Подготовка к вспышкам на Россе шла полным ходом. Родители и старшая сестра Джима перетаскивали в подземное убежище вещи и покрикивали на него, чтобы он не путался под ногами и не мешал им. Мальчик и сам бы не отказался держаться от них подальше, но в какую бы комнату он ни зашел, туда обязательно являлся кто-нибудь из взрослых, чтобы забрать что-нибудь из мебели или других вещей. Вот и сейчас: стоило Джиму забраться на второй этаж с экраном-раскраской — и в эту же комнатушку заявился раздраженный отец.

— Где тут это долбанное кресло? — проворчал он, озираясь вокруг. — Ты не видел?

Джим оторвался от раскраски и тоже оглядел комнату. Там стоял только шкаф, где хранилась старая одежда, и лежало несколько пустых коробок из-под игрушек.

— Какое кресло, пап?

— Складное, мама говорит, оно здесь должно быть…

— Да нет, пап, наверное, оно где-то в другом месте…

Махнув рукой, отец собрался уже выйти из комнаты, но внезапно развернулся к сыну и возмущенно топнул ногой:

— Ты же на нем сидишь!!! Ты нарочно над нами издеваешься?!

Джим поспешно вскочил с кресла, уверенный, что теперь его точно накажут и весь вечер не будут с ним разговаривать, но тут снизу раздался пронзительный вопль матери:

— Грег, ты где?! Грегори, скорее сюда! Из дома ветеранов звонили!!!

Мгновенно забыв и про кресло, и про сына, отец бросился на первый этаж. Джим осторожно последовал за ним, спустился до середины лестницы и нерешительно остановился. Идти дальше и попадаться на глаза разгневанным родителям он боялся, а услышать, о чем они говорили, мог и отсюда.

— Они сказали, что в их убежищах нет места для всех пациентов, и поэтому мы должны будем забрать отца домой! — причитала мать. — На все время вспышек! Ты представляешь?! Да они просто не хотят возиться со стариками в подвалах, вот и вышвыривают их родственникам! За что мы им деньги платим?!

— Да ладно тебе, это всего несколько дней, — попытался успокоить ее муж. — Все равно нам сидеть в тесноте, одним человеком больше, одним меньше…

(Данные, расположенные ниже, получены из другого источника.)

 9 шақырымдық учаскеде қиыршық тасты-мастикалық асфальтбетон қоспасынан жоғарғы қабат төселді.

— Это минимум неделя! Неделя в подвале со стариком-инвалидом, с которым я должна буду все это время возиться!!! Мало я с вами вожусь, так теперь еще и с ним! Надо на них в суд подать после вспышек…

— Мам, да успокойся! — послышался противный голосок сестры Джима Линды. — Мы с папой за дедом присмотрим, ничего страшного…

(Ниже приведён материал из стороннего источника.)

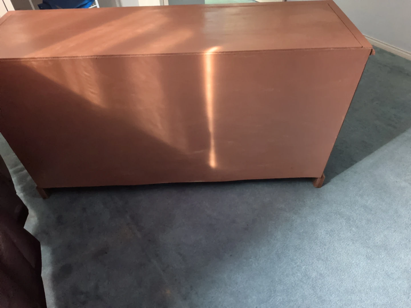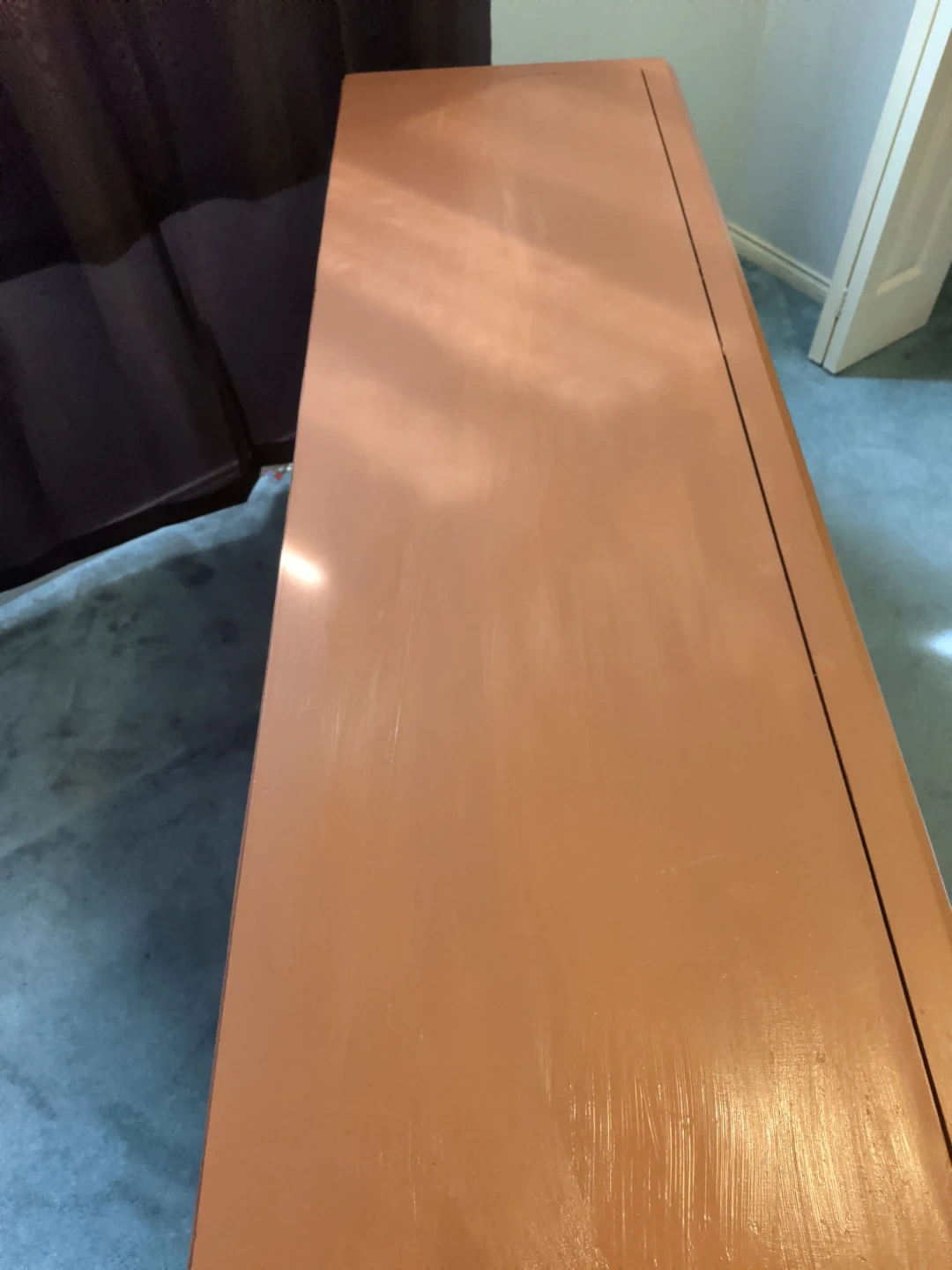 This dresser has a total of seven drawers for storage. It features a unique rustic wood finish with a painted exterior. The handles are decorative metal one drawer is missing a handle easy fix.

— Что?! Вы присмотрите?! Вам ничего нельзя доверить, вы ничего не умеете делать, я все должна делать сама!!! — еще громче рявкнула на нее мать и ушла в подземное помещение, с грохотом захлопнув за собой дверь.

На некоторое время в доме воцарилась тишина.

 

Прошлого периода вспышек пятилетний Джим не помнил — ему тогда не было еще и года. Дедушку он тоже не помнил — его забрали в дом ветеранов сразу после прошлых вспышек. Правда, внуки получали от него письма, и родители порой собирались свозить их к нему в гости, но эта поездка каждый раз откладывалась: то у отца была важная встреча в выходные, то матери нужно было делать генеральную уборку, то к ним приходил кто-то из знакомых…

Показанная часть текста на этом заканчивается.